HIPAA violations pose a very real threat for today’s healthcare organizations and independent group practices. But there are also a lot of misconceptions floating around. With patient privacy (and your business) on the line, you can’t afford to be misinformed. Check out these common myths.
Common Misconceptions About HIPAA Violations:
Misconception #1: I’m too small to be a target.
Actually, small and midsize businesses face the same cyber threats as large enterprises but have a fraction of the budget to deal with them. According to references in this report, more than 40% of small businesses don’t have an adequate IT security budget. That means smaller businesses are more likely (not less) to be at risk for HIPAA breaches.
Misconception #2: HIPAA violations are no big deal.
Not true. If your healthcare organization or group practice has a data breach or HIPAA violation, you risk hefty fines (which increased in 2020), civil penalties and public scrutiny on the Department of Health and Human Services (DHS) “Wall of Shame.” These repercussions can have a serious (and costly) impact on your organization’s business and reputation.
Misconception #3: I can’t afford to be HIPAA compliant.

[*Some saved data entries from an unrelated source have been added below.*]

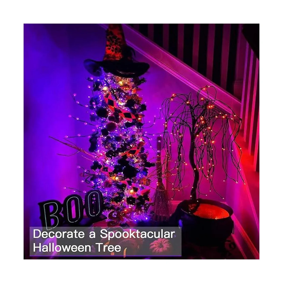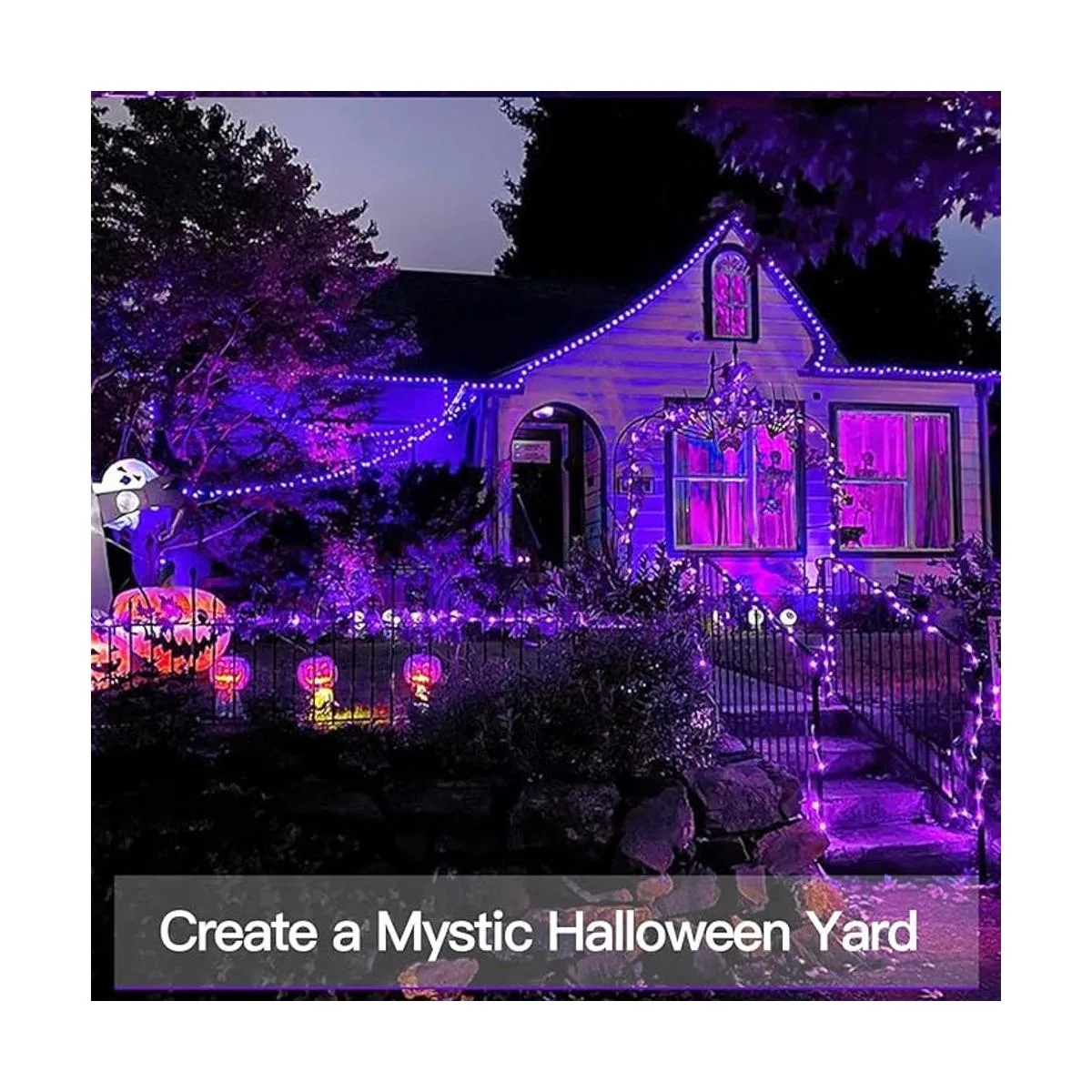 Luces para exteriores de Halloween: paquete de 2 luces moradas, 7 colores disponibles, 8 modos de luz diferentes, 33 pies de largo por cuerda, tasa de impermeabilidad IP44, te da más posibilidades de mostrar tu creatividad en términos de decorar una espectacular exhibición de Halloween. Haz las decoraciones de patio de Halloween más espeluznantes este Halloween.
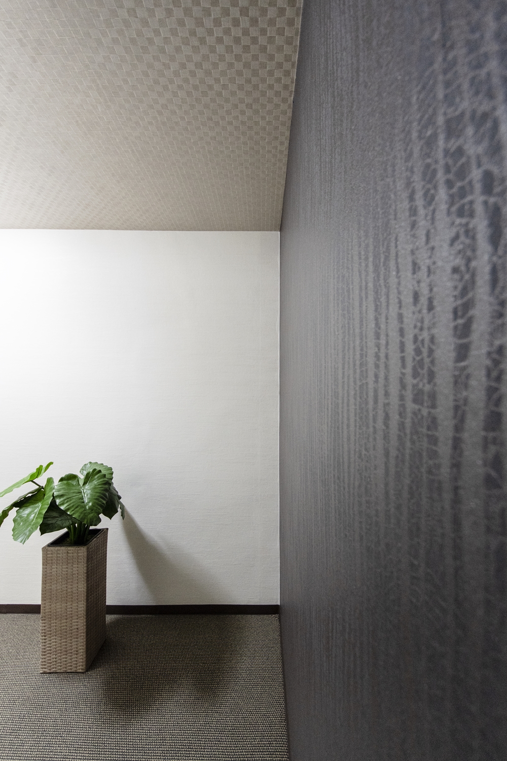 素材感やトーンの違う壁紙をアクセントにして、エキゾチックで大人な雰囲気を演出しました。
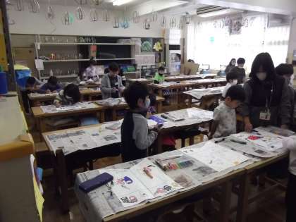 3年生の図工の授業では、作品づくりに夢中でした。楽しそうに活動しています。
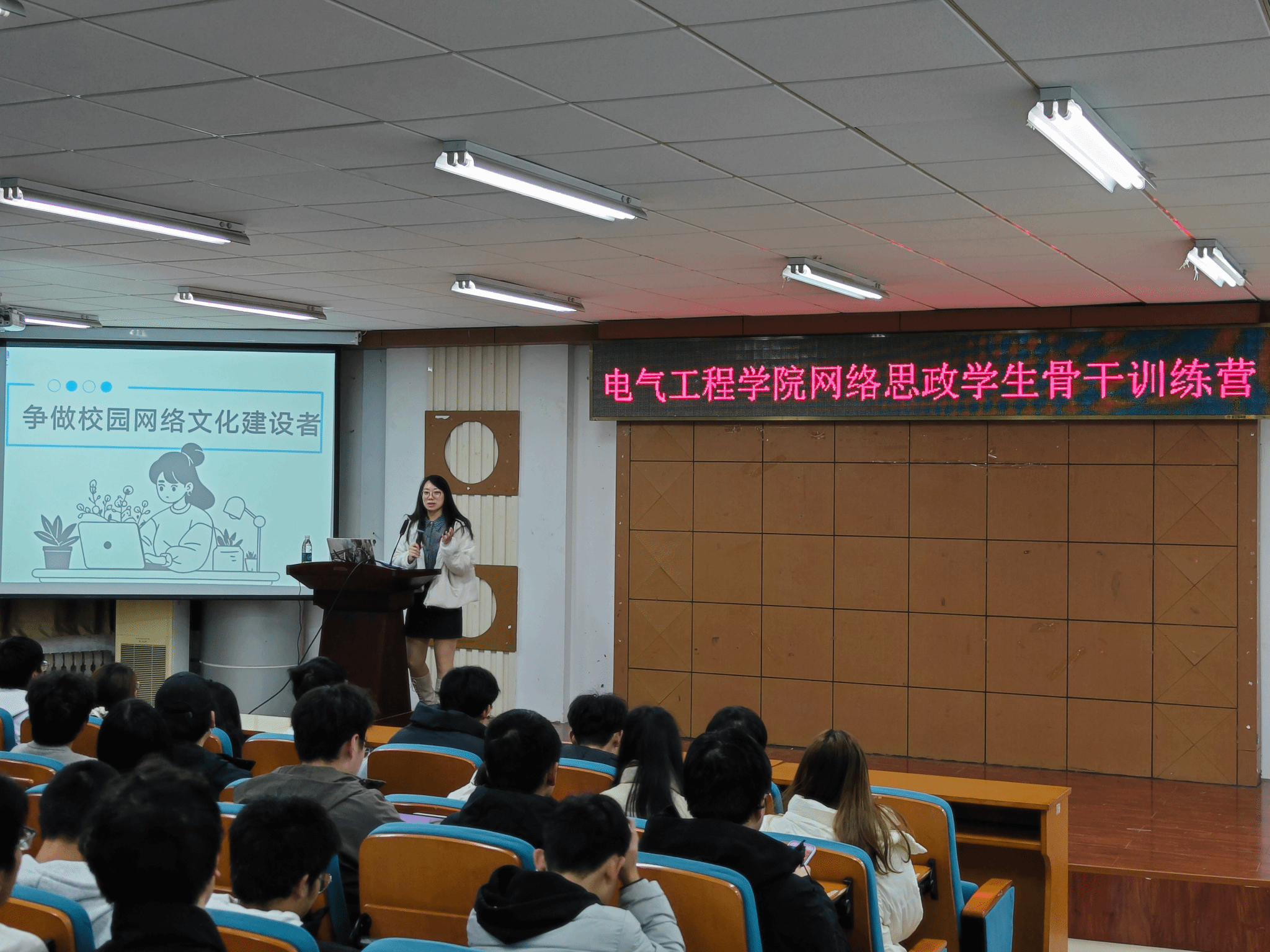 为进一步提升学生骨干的网络素养与媒介责任意识,推动校园网络文化健康有序发展,11月26-27日,电气工程学院组织“争做校园网络文化建设者”网络思政学生骨干训练营。本次训练营面向全院学生新闻宣传骨干及网络思政工作团队成员,由学院辅导员赵雨桐主持,邀请河北省冀青新媒体中心指导教师史亦轩主讲,引导学生从“被动传声”转向“主动建设”,共同塑造清朗、温暖、可信的网络形象。
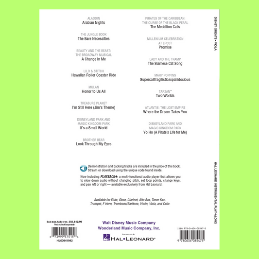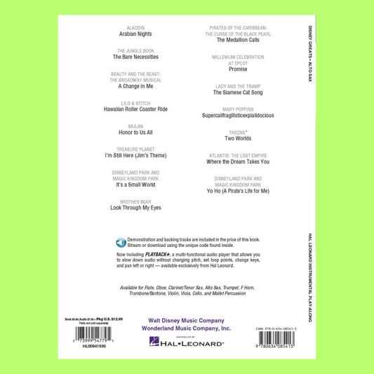 Disney Greats For Alto Saxophone Play Along Book/Ola
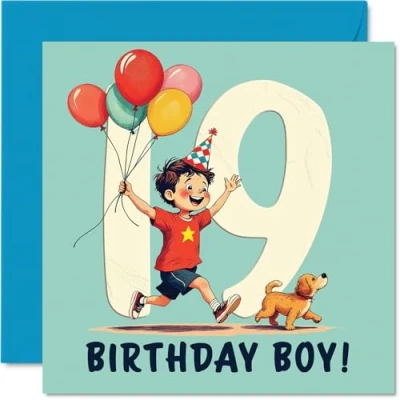 19th Birthday Cards for Men Balloon Boy Happy Card 19 Year Old Man Cousin Grandson Nephew Colleague, 145mm Bday Greeting
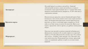Автокредит. Цільовий кредит на купівлю автомобіля.. Зазвичай забезпечений заставою, самим автомобілем до повного погашення. Строк кредитування часто 1–5 років. Банк може вимагати початковий внесок (наприклад, 10-30% ціни авто) і страхування машини. Кредитна картка. Відновлювальна кредитна лінія на банківській картці. Банк встановлює ліміт коштів, якими клієнт може користуватися в мінус. За використання кредитних коштів нараховуються відсотки, але часто є пільговий період (наприклад, 30–60 днів), коли борг можна погасити без відсотків. Віртуальна картка з кредитним лімітом зручна для дрібних повсякденних витрат. Мікрокредит. Невелика сума грошей, позичена зазвичай небанківською фінансовою установою або онлайн-сервісом на короткий термін (до 30 днів). Видається без застави, часто без довідки про доходи – потрібен лише паспорт і код. Натомість має дуже високі відсотки. Ризикований вид позики, придатний лише для термінових дрібних потреб, коли немає інших варіантів.
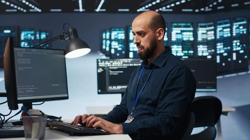 Engineer coding, working in network security data center facility hosting supercomputers, ensuring optimal performance. IT expert using desktop PC to monitor energy consumption across server cabinets Pro Video
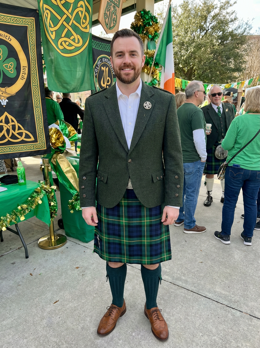 model at Irish heritage celebration, Celtic decorations, traditional and modern mix, proud festive look
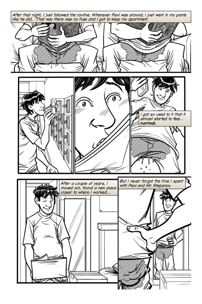 After that, I just followed the routine. Whenever Paul was around, I just went in my pants like he did. That way there was no fuss and I got to keep my apartment.
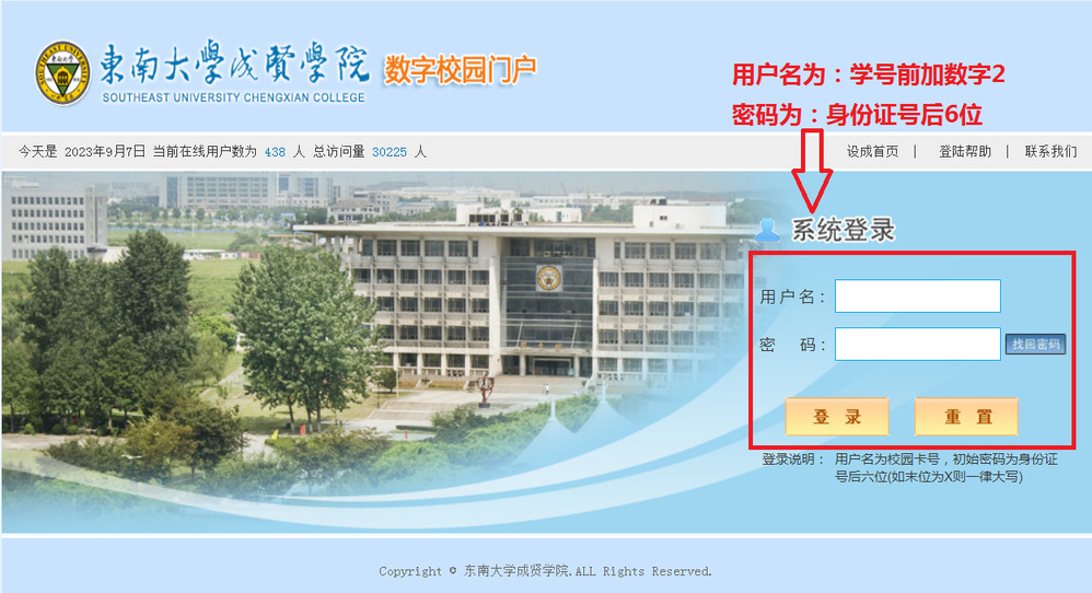 二、按要求如图2,输入用户名和密码后,点击登录,进入数字校园门户
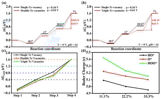 Figure 3a–c present the Gibbs free energy diagrams for the OER process on Fe3GeTe2 (001) surfaces with single-Te vacancies (Te1, Te2, and Te3, respectively). The Gibbs free energy values for each reaction step are as follows: Te1 vacancy surface: −0.24, 0.42, 0.54, and 0.77 eV; Te2 vacancy surface: −0.18, 0.57, 0.47, and 0.74 eV; and Te3 vacancy surface: −0.20, 0.54, 0.47, and 0.79 eV. The rate-determining step consistently occurs at the fourth step (HOO* → O2), with corresponding overpotentials η of 0.37 V, 0.34 V, and 0.39 V for Te1, Te2, and Te3 vacancy surfaces, respectively. Although the vacancy concentrations and formation energies of Te1, Te2, and Te3 in Fe3GeTe2 are identical at 2.21 eV, differences in their crystal structure persist. There are slight variations in bond lengths and bond angles. It is these structural disparities that result in differences in the binding strength between active sites and oxygen-containing intermediates. Consequently, the Gibbs free energy at each electronic step of the oxygen evolution has variations in the OER overpotential. Compared to the pristine Fe3GeTe2 (001) surface (η = 0.85 V), Te vacancies significantly enhance the OER catalytic activity and substantially reduce the overpotential. Moreover, this lower potential can rival the ideal OER performance of IrO2 (0.56 V) [35].
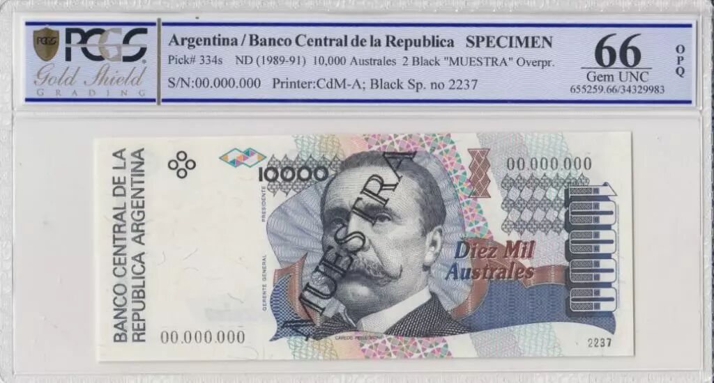 Billet Argentine 10000 Australes , C Pellegrini - 1989 - Spécimen - PCGS 66 OPQ
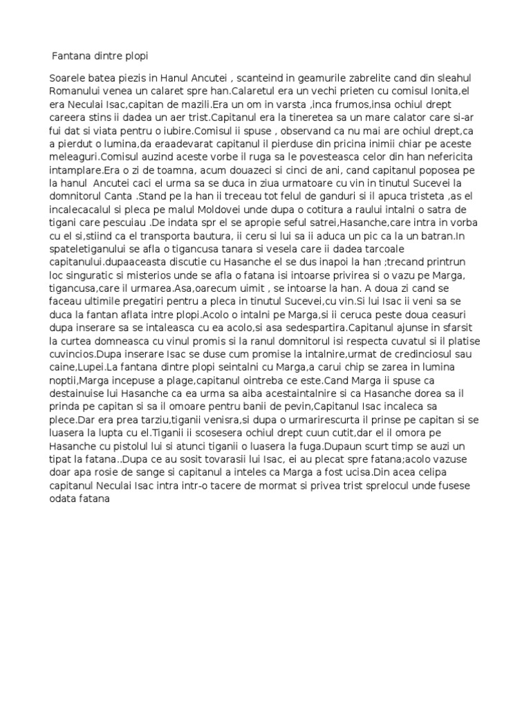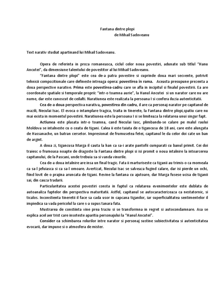 Doua rezumate scurte la povestirea hanul ancuței scrisa de scriitorul roman mihail sadoveanu si publicata in anul 1928. Fântâna dintre plopi 24 8k 113 3. într o seară de toamnă niculai isac un bătrân călător prin meleagurile sucevei se opreşte la hanul ancuţei pentru a şi trage sufletul. Fantana dintre plopi soarele batea piezis in hanul ancutei scanteind in geamurile zabrelite cand din sleahul romanului venea un calaret spre han calaretul era un vechi prieten cu comisul ionita el era neculai isac capitan de mazili era un om in varsta inca frumos insa ochiul drept care era stins ii dadea un aer trist capitanul era la tineretea sa un mare calator care si ar fui dat si viata.

Yes, you may need to spend some money bringing your organization into compliance, but the hard reality is that the cost of non-compliance is simply too steep. According to this report, while the cost of a HIPAA audit itself could be tens of thousands of dollars, the fines for non-compliance can range in the millions.
Misconception #4: I’m not a physician provider group, so I don’t need to worry about HIPAA compliance.
In reality, HIPAA applies to all “covered entities” (e.g., health plans, healthcare providers and healthcare clearinghouses), but also their business associates (i.e., third parties that perform certain functions like claims processing, administration or storage of personal health information). Even if you’re simply a “business associate” of a healthcare organization, you need to be HIPAA compliant.
Misconception #5: My IT partner doesn’t need to follow the same HIPAA compliance rules.
Wrong. Outsourced IT partners and data hosting providers (like Proxios) are considered “business associates”. This means they must follow all the same HIPAA regulations and strict security requirements as their healthcare clients. They must be just as well versed on cybersecurity and protection of these critical data records.
Misconception #6: HIPAA Violations are not going to happen to me.
Actually, you can’t be so sure. The organizations on the HIPAA Breach List (aka the DHS “Wall of Shame”) may have had the same idea—and are now paying the price. When you consider the potential consequences of a HIPAA violation, including stiff penalties, broken patient trust, and potential loss of business, it’s easy to see why it’s better to be safe than sorry.